– Вы общаетесь с бывшей супругой сейчас? – спрашиваю я.
– Мы поздравляем ее с какими-то важными датами, – отвечает Промилле. – Она нас тоже.
– Вы не хотите общаться с Мариной?
– Канцлер желает ей всего хорошего. Однако знать подробности утомительно. Канцлер и в браке-то не хотел знать подробности. Они мешали концентрироваться на романе. Зачем нам эти мытарства? – задает Промилле вопрос, который, судя по всему, кажется ему риторическим.
Я просматриваю заметки и спрашиваю повторно:
– Но о разводе вы всё же не жалеете? Даже несмотря на соответствие Марины вашим требованиям в течение большей части совместной жизни?
Ответ Канцлера рассудочен, эгоцентричен и очень характерен для него. Любой брак, утверждает мой собеседник, приходит к точке, в которой супругам лучше развестись. Многие не находят сил и предпочитают страдать, пока мужчина не умрет.
– Почему именно мужчина? – интересуюсь я.
– Средняя продолжительность жизни мужчин гораздо ниже, – говорит Промилле. – Есть совсем уж неприличные примеры. В минувшем году Канцлер был на свадьбе. Там оказался полный комплект бабушек жениха и невесты. Полный комплект: четыре бабушки. Дедушек мы не заметили. Поспрашивали тихонько, и что вы думаете? Все дедушки скончались. Четыре бабки сидели, шушукались, произносили тосты. Четыре деда уже перегнили.

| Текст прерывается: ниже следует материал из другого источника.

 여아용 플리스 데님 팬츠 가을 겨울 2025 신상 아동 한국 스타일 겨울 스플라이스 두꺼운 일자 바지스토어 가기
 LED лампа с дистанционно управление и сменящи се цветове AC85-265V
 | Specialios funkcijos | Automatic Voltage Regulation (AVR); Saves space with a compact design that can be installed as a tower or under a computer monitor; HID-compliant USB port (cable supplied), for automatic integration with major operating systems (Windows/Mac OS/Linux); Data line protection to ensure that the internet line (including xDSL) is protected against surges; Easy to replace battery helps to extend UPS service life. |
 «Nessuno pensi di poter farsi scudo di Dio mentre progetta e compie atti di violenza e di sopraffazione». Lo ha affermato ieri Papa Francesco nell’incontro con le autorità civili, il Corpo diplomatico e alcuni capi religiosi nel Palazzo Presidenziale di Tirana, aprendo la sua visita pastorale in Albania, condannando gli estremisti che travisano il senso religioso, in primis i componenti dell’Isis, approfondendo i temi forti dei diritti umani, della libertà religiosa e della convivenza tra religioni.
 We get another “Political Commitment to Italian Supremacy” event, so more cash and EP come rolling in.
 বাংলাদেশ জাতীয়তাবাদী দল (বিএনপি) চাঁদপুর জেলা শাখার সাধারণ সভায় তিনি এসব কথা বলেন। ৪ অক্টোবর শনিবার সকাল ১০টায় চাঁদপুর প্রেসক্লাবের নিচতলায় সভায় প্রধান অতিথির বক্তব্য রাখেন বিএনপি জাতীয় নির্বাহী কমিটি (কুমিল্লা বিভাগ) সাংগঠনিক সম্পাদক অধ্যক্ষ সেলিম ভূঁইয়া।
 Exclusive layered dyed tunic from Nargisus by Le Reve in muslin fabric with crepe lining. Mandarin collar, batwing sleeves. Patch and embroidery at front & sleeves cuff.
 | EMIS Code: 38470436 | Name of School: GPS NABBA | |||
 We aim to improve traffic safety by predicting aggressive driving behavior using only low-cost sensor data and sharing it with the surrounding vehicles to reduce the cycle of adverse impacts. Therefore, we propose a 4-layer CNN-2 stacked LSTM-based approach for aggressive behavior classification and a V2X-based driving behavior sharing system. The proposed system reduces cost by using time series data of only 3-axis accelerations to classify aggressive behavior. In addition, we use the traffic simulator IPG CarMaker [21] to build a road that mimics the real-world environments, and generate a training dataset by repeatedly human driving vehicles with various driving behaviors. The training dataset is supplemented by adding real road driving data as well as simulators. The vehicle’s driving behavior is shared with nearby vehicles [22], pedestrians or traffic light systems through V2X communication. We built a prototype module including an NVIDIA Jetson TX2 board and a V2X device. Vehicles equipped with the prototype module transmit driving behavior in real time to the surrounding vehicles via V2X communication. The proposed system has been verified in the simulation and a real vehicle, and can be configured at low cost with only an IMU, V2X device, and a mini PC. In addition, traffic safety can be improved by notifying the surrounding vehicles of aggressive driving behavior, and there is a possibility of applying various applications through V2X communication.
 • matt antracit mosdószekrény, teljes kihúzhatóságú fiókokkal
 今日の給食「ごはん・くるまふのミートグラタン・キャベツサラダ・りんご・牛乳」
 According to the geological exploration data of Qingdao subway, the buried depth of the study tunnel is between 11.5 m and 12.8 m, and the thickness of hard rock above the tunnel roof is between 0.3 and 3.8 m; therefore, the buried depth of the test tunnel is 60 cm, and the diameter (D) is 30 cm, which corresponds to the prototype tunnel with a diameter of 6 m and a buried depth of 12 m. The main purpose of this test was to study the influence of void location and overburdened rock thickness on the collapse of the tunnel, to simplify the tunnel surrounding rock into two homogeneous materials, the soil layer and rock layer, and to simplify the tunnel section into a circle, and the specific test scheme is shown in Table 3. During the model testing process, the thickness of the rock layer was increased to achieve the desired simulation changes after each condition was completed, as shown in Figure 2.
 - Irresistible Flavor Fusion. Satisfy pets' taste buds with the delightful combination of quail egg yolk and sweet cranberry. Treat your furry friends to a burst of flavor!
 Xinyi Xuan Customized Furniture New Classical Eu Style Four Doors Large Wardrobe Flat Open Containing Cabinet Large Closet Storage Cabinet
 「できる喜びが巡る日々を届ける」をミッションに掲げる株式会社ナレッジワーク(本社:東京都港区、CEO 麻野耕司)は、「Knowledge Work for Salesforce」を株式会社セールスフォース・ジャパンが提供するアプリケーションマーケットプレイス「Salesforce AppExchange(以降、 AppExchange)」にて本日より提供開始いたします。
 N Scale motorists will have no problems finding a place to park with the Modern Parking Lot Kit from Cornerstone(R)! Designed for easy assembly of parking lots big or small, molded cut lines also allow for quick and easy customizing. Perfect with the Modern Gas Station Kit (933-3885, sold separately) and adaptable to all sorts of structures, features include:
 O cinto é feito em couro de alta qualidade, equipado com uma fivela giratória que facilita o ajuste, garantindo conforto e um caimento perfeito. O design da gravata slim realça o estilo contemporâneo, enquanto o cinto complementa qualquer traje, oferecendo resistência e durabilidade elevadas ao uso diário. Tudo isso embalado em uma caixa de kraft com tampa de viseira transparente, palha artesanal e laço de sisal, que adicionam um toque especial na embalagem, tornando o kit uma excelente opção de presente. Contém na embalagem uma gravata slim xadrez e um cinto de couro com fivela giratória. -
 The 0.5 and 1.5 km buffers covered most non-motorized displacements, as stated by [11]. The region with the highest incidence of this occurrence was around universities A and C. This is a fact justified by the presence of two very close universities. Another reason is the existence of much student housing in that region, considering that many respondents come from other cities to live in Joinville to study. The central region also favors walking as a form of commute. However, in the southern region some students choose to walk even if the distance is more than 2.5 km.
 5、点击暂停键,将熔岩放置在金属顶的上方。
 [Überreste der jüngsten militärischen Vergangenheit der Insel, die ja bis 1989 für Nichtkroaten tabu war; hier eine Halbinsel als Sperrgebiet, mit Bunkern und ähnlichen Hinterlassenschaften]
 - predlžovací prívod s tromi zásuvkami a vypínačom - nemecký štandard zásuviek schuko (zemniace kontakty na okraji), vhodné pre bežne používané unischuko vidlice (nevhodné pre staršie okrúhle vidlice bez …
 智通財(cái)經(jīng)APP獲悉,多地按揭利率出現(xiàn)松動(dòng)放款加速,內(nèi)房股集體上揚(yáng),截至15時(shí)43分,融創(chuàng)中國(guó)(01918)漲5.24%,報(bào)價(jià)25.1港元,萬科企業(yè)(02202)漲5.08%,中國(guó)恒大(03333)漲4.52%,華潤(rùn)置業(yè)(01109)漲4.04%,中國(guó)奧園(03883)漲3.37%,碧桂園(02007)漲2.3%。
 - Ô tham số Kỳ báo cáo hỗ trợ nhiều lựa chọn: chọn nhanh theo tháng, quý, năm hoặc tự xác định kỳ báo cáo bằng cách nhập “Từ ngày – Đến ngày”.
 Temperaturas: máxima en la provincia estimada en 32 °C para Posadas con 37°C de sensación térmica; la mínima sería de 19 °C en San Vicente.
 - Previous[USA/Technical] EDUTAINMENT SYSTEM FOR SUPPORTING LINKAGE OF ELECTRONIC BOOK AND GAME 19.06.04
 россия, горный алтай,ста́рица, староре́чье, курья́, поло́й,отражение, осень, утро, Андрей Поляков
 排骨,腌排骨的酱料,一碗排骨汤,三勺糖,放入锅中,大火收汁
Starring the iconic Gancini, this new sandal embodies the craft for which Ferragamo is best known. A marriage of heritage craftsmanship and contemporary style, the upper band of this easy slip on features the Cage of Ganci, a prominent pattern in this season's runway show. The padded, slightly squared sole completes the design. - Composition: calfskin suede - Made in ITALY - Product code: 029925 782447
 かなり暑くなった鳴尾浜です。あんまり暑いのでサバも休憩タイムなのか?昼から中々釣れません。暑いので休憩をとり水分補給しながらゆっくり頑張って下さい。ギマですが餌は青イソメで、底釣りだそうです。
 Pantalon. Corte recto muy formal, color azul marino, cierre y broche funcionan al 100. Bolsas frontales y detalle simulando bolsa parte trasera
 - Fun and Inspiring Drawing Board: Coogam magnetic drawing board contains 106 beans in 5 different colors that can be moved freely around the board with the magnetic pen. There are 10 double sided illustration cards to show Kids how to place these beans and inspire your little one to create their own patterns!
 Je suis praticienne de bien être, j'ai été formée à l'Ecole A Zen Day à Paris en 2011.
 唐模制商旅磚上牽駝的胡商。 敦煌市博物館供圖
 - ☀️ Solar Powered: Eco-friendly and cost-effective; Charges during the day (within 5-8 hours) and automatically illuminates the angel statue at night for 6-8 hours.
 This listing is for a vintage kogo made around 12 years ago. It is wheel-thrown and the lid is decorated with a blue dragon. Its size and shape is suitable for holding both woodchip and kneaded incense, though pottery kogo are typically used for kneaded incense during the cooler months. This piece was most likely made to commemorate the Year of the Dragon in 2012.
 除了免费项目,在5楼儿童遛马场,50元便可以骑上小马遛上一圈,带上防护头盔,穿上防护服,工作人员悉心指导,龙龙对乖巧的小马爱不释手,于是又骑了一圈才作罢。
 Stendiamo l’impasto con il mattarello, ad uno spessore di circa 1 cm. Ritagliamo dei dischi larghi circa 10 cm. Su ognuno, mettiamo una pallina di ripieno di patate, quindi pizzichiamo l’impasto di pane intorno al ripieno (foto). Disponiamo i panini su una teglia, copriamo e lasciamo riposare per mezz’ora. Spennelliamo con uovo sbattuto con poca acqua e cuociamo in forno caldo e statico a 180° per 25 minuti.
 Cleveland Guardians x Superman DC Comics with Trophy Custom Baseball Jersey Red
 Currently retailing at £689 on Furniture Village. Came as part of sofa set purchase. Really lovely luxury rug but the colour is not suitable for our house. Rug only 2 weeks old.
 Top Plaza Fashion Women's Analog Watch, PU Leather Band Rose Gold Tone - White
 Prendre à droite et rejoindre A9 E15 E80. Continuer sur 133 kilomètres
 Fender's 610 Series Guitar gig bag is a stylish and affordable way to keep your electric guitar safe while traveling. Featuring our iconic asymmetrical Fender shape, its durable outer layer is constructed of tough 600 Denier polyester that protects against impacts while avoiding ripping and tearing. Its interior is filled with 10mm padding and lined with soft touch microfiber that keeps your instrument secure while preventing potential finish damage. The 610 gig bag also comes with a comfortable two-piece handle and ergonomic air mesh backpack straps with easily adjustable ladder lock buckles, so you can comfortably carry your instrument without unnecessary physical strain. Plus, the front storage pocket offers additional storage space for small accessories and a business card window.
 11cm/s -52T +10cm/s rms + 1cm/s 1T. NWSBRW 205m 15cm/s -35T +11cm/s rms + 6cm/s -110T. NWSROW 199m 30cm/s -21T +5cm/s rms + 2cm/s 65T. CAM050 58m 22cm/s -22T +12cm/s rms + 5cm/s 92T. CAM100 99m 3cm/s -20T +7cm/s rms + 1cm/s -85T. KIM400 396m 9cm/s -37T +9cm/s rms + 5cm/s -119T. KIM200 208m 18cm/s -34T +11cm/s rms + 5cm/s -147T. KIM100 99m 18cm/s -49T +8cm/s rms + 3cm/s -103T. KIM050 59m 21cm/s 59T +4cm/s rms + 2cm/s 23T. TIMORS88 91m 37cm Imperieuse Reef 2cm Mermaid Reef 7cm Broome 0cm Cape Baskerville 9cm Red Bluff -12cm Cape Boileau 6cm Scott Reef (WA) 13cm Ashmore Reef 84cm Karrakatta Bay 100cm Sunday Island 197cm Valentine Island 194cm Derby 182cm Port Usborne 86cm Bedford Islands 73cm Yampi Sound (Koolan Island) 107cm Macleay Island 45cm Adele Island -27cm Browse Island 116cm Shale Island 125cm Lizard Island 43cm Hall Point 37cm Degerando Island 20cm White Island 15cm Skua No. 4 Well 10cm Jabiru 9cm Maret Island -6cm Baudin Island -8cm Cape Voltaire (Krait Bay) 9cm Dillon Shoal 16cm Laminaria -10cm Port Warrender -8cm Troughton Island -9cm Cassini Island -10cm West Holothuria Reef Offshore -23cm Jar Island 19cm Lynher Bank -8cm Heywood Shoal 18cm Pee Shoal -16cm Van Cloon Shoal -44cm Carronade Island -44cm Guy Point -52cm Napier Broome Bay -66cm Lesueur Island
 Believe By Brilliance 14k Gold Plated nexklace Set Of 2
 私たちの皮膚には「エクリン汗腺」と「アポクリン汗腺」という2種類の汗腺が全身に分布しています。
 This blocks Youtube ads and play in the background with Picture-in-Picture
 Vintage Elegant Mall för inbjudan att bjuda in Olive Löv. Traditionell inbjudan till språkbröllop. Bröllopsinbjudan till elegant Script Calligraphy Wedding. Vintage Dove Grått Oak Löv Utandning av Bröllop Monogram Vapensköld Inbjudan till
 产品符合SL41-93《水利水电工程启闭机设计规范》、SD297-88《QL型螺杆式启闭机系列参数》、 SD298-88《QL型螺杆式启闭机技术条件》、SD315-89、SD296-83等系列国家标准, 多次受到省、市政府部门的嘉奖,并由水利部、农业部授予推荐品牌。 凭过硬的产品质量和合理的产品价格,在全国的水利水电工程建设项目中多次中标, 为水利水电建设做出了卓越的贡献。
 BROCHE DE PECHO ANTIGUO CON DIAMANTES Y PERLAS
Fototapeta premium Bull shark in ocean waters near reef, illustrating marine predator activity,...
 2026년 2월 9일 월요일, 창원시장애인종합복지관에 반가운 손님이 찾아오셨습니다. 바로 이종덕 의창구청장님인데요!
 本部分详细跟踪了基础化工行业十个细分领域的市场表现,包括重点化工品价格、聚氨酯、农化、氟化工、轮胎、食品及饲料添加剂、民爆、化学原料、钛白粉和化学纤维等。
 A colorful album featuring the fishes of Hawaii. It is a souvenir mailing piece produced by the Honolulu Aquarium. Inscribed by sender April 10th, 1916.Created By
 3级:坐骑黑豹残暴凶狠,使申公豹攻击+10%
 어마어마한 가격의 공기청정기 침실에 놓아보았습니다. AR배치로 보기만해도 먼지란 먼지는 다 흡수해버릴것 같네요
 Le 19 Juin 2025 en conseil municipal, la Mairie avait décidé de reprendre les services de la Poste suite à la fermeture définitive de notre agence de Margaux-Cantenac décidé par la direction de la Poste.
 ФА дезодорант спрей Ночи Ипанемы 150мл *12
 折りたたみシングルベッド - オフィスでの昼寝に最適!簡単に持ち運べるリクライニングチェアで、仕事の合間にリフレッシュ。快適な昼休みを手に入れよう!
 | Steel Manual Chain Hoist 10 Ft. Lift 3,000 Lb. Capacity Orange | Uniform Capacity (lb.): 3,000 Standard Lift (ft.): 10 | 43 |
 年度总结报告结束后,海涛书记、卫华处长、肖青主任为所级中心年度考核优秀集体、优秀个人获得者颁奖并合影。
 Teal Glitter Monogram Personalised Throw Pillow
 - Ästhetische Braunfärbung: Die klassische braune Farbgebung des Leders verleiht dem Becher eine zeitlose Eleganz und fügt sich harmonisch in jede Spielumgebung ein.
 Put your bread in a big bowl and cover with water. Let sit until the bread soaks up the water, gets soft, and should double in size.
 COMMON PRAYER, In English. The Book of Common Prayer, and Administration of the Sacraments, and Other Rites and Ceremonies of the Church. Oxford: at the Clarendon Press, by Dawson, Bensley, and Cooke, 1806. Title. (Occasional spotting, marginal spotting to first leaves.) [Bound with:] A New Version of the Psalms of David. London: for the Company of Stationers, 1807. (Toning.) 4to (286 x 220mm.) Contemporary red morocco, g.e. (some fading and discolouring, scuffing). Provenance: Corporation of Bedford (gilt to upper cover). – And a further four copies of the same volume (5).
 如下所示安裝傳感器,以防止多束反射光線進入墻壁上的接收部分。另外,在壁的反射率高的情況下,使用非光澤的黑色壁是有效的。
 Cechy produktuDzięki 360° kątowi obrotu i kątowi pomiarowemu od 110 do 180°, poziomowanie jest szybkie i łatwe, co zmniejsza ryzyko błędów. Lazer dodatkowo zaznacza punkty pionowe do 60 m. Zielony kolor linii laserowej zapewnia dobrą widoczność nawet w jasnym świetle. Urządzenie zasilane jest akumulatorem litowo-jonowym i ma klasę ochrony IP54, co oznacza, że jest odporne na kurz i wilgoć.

Начиная семейную жизнь, мой будущий клиент уверен, что разведется. Состоя в браке, он полагает, что их с Мариной отношений хватит на две книги. Однако ничего не изменишь, утверждает Промилле, да и так получается неплохо: один роман лучше, чем ни одного.
Через неделю Канцлер сообщает мне, что пишет повесть. К этому времени мы всё чаще обращаемся к событиям его детства, и нет ничего удивительного в том, что главный герой новой книги – мальчик младшего школьного возраста. Я предлагаю Промилле делиться со мной главами этого текста, чтобы мы использовали их в терапевтических целях. Вскоре я получаю первую главу повести, которая (повесть, не глава) снабжена эпиграфом из «Ричарда III»:
«Ведь Кларенс – говорун и может вас
Растрогать, если говорить дадите».
– Это не большая автобиография, чем изображающие Христа картины Гогена, – говорит мой клиент. – Помните такие? Художник там норовил вместо Божьего Лика изобразить собственную физиономию.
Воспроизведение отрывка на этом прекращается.